No and Yes. Here’s my theory. Notice Cobb’s wedding ring. The cinematography goes to great lengths to establish throughout the movie that when Cobb is not dreaming he is not wearing his wedding ring. When he is dreaming, he has it on. While it’s not easy to tell, I believe in the final scenes there’s enough evidence to say that he is not wearing the wedding ring. No wedding ring = clue. (Remember, caper genre.) He’s not dreaming. He really makes it home to his kids.

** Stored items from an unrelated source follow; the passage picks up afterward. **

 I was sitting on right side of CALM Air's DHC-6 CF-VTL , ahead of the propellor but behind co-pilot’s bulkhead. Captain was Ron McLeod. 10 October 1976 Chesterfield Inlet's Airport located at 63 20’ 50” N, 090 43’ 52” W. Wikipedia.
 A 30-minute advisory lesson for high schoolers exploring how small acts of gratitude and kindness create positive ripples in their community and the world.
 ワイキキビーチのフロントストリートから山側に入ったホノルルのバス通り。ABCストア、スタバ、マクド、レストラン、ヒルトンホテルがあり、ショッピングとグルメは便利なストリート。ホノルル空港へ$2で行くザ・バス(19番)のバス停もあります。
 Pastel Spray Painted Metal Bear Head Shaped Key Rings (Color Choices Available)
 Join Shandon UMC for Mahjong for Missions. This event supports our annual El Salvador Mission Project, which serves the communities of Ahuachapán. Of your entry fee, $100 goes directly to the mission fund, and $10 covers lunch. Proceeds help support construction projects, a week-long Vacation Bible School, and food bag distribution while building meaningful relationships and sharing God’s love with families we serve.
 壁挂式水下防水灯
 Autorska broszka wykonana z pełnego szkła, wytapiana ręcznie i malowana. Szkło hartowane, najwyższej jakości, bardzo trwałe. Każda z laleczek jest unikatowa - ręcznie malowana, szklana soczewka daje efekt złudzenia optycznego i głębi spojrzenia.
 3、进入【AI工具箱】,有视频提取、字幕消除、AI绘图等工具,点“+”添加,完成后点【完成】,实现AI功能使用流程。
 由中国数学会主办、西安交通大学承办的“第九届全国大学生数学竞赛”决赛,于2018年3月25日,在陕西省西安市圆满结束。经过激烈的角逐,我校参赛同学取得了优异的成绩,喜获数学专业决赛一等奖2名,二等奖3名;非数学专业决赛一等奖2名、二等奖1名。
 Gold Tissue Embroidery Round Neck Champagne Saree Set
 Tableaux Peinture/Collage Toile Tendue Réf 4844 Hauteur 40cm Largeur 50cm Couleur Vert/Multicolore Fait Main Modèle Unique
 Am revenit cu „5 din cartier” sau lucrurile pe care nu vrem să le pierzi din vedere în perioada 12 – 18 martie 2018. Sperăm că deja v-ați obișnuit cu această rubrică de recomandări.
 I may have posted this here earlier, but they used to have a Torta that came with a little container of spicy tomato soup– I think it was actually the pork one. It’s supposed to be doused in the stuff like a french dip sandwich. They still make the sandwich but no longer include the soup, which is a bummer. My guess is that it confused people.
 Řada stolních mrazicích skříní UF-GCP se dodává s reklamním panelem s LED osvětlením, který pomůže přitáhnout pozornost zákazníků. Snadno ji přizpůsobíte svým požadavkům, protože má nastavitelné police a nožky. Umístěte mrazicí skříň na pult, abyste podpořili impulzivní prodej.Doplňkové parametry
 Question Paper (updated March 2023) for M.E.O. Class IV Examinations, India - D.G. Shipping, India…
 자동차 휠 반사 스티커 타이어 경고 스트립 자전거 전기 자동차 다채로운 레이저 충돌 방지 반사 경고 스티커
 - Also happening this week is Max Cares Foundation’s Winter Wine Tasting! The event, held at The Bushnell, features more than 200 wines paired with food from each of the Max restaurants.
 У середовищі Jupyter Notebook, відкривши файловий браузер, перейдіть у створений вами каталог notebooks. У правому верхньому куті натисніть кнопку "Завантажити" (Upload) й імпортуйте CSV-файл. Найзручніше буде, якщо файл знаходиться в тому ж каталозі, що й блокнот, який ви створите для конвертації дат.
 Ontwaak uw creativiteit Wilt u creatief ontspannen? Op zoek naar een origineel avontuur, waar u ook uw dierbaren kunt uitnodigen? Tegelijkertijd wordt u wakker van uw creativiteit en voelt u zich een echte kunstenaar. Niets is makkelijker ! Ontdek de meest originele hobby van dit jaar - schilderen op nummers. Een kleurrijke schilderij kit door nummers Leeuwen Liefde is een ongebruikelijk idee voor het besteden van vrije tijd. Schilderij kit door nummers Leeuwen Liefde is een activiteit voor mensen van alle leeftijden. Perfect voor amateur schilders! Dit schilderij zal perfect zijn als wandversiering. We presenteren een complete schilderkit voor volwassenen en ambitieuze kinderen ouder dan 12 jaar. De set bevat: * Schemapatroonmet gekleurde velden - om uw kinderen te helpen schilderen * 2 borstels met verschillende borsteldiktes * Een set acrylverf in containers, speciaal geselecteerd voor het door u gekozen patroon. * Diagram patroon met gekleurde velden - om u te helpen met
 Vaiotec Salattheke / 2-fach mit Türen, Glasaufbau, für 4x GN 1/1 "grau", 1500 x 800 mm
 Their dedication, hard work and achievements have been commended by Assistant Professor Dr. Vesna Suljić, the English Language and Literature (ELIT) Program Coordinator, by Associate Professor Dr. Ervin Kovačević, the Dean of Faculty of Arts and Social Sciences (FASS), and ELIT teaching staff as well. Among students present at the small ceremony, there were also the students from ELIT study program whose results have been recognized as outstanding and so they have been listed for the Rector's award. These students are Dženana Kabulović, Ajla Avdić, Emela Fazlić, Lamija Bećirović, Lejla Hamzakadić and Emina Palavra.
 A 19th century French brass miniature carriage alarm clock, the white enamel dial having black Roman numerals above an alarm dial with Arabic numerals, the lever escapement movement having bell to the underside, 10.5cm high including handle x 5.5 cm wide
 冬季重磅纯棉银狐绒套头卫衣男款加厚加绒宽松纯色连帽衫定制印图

But then, why are his children the same age and wearing the same clothes? This is what I think. They aren’t. I’d have to watch the movie one more time to confirm my hunch, but I think that a careful viewing would show what is very hard to see through the screen door, namely, that the children are dressed differently.
So what’s going on when he looks out and sees his kids seemingly just as he left them when he had to flee? Well, I think he is moving on. He’s forgiving himself for the thing he thought he’d “regret for the rest of his life,” leaving without seeing his kids’ faces one last time. He finally sees them turn around. There’s closure.
So Why The Hell Doesn’t The Totem Fall Over?!
Because it doesn’t matter anymore. He doesn’t need to check anymore. Cobb is back in reality, which is a place where absolute certainty isn’t the point.
No, Christian readers of my blog, this is not subjectivity. As my favorite Christian philosophy professor, Dr. Holmes, once quipped in class, “Whoever said you have to prove something for it to be true?” Reality is not dependent on our confirmation of it. Dreams are dependent on us. Truth isn’t.
In his book Telling the Truth, Frederick Buechner describes a fairy tale this way, “It is a world where goodness is pitted against evil, love against hate, order against chaos, in a great struggle where often it is hard to be sure who belongs to which side because appearances are endlessly deceptive.”
Our lives are not unlike fairy tales. If we insist on more certainty than that, well, we’re only dreaming.